Anayasa Mahkemesi kararı belediyelerin cumhurbaşkanı kararıyla kurulmasından rektörlerine cumhurbaşkanı tarafından atanmasına Merkez Bankası'nın atanması gibi düzenlemelerin tamamını iptal ettik. Anayasa Mahkemesi TSK'nın rütbeleri valilerin yardımcılarının atanması ek gösterge Yargıtay'ın yapısına kadar devlette yaptıkları her şeyi iptal etti 1 yıl da zaman verdi. Dün akşam itibarıyla Türkiye Cumhuriyeti devletinin kolonları kesiktir. Devleti sakatlamışlardır. Devletin bu hale getirilmesinde AK Parti ile MHP'nin anayasa tanımazlığı sebeptir.
YENİ ANAYASA AÇIKLAMASI
Anayasa istemek için önce mevcut anayasaya uymak gerekmektedir.
"HATAY'DA REZERV ALAN İSYANI VAR"
Afet sırasında orduyu göreve davet edemedi. Depremden sonra bir yıl içinde 650 bin konutun teslim edileceğini söylediler. Ancak 79 bin konut verdiler. Yani yüzde 10'unu verdiler. Orta hasarlı konutlar var. '5 Nisan 2024'e kadar konut güçlendirme ruhsatı alın' dediler. Paralarını verdiler, kredi aldılar. Şimdi 'konutunu güçlendirmişsin ama biz burayı rezevr alanı ilan edeceğiz' diyorlar. Hatay'da rezerv alana büyük bir isyan var. Bunun için rezerv alanı konusundaki mağduriyetin ortadan kalkması, sesinin duyulmasını istiyoruz.

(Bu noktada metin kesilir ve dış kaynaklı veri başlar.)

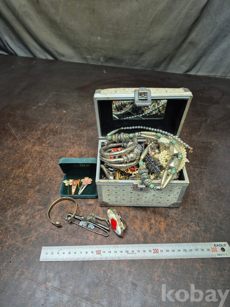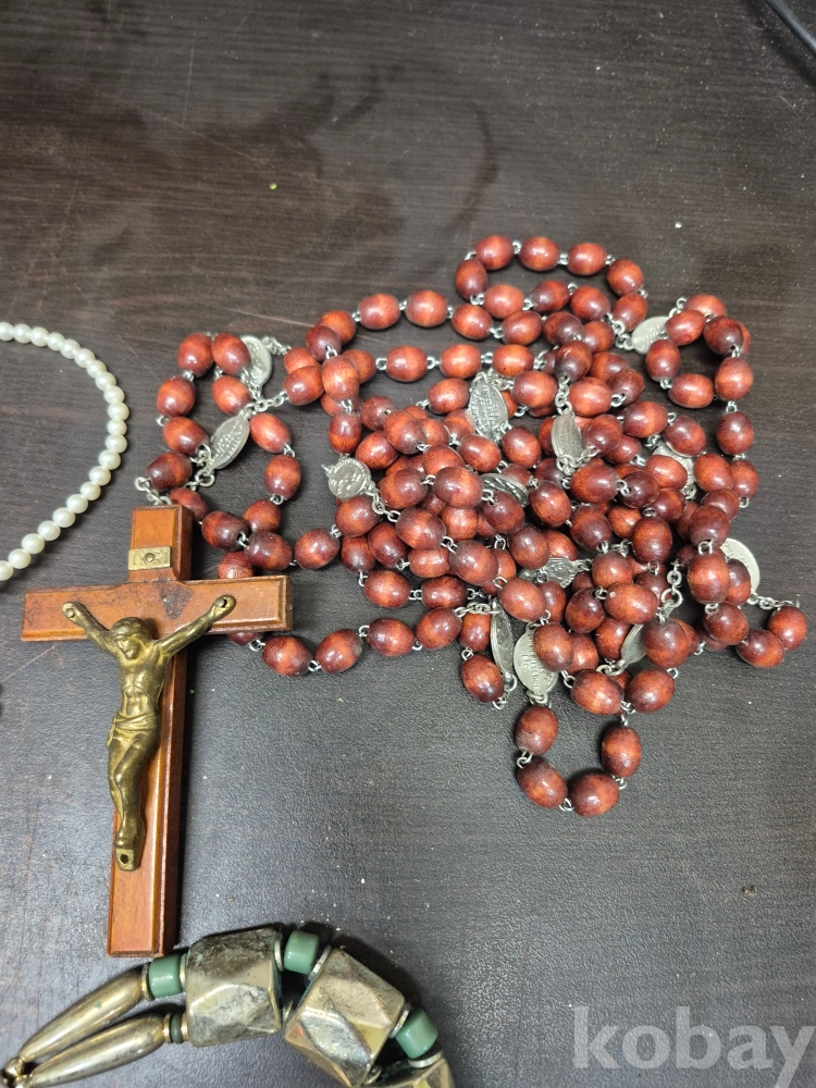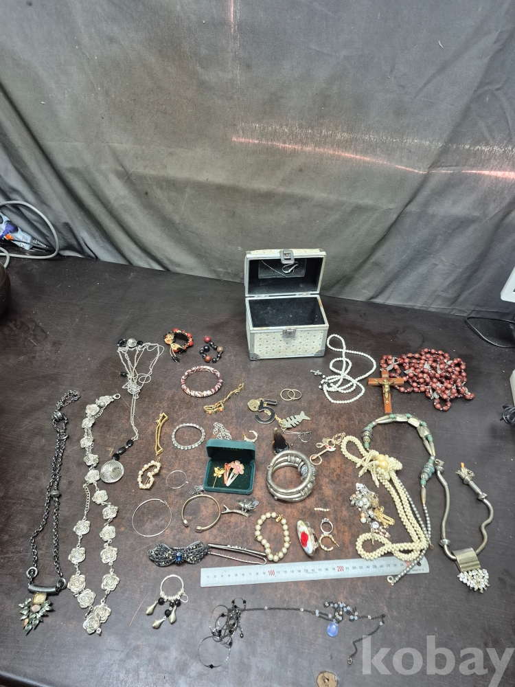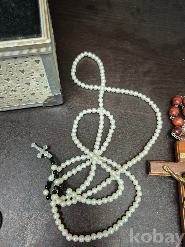 1980년대 각종 보석 이미테이션 목걸이 귀걸이 반지 등 수량 다수 와 에수님 묵주 포함 보관케이스 포함 16*11*15

"150 KİŞİ ÖLDÜ SORUMLULAR AK PARTİLİ OLDUĞU İÇİN DIŞARIDA"
Antalya Kepez'de yaşanan teleferik kazasında 1 vatandaşımız hayatını kaybetmişti. Bu olayla ilgili 1 kişi hayatını kaybetti ancak CHP'li olduğu için içerde tutuluyor. Ancak depremde Palmiye Sitesi yıkılıyor; 150 kişi hayatını kaybediyor. Bu olayla ilgili AK Partili olduğu için sorumlular dışarda gezebiliyor. Böyle düzene yazıklar olsun.
"ENFLASYON BİR YILDA YÜZDE 70'LERE ÇIKTI"
Bugün bir yıkımın da yıldönümü. Sayın Bakan Nebati'den kurtuluşun, Sayın Bakan Şimşek'e tutuluşun yıldönümü. Önceki gittiğinde dolar 20 TL'ydi, bu rasyonelin döneminde dolar 32 TL. Enflasyon ise yüzde 70'lere çıktı. Son 18 ayın en yüksek enflasyon oranıdır bu. Enflasyonun düşmesi demek fiyatların düşmesi demek değildir.
"ENFLASYON ANCAK EKSİ OLURSA FİYATLAR DÜŞMEYE BAŞLAR"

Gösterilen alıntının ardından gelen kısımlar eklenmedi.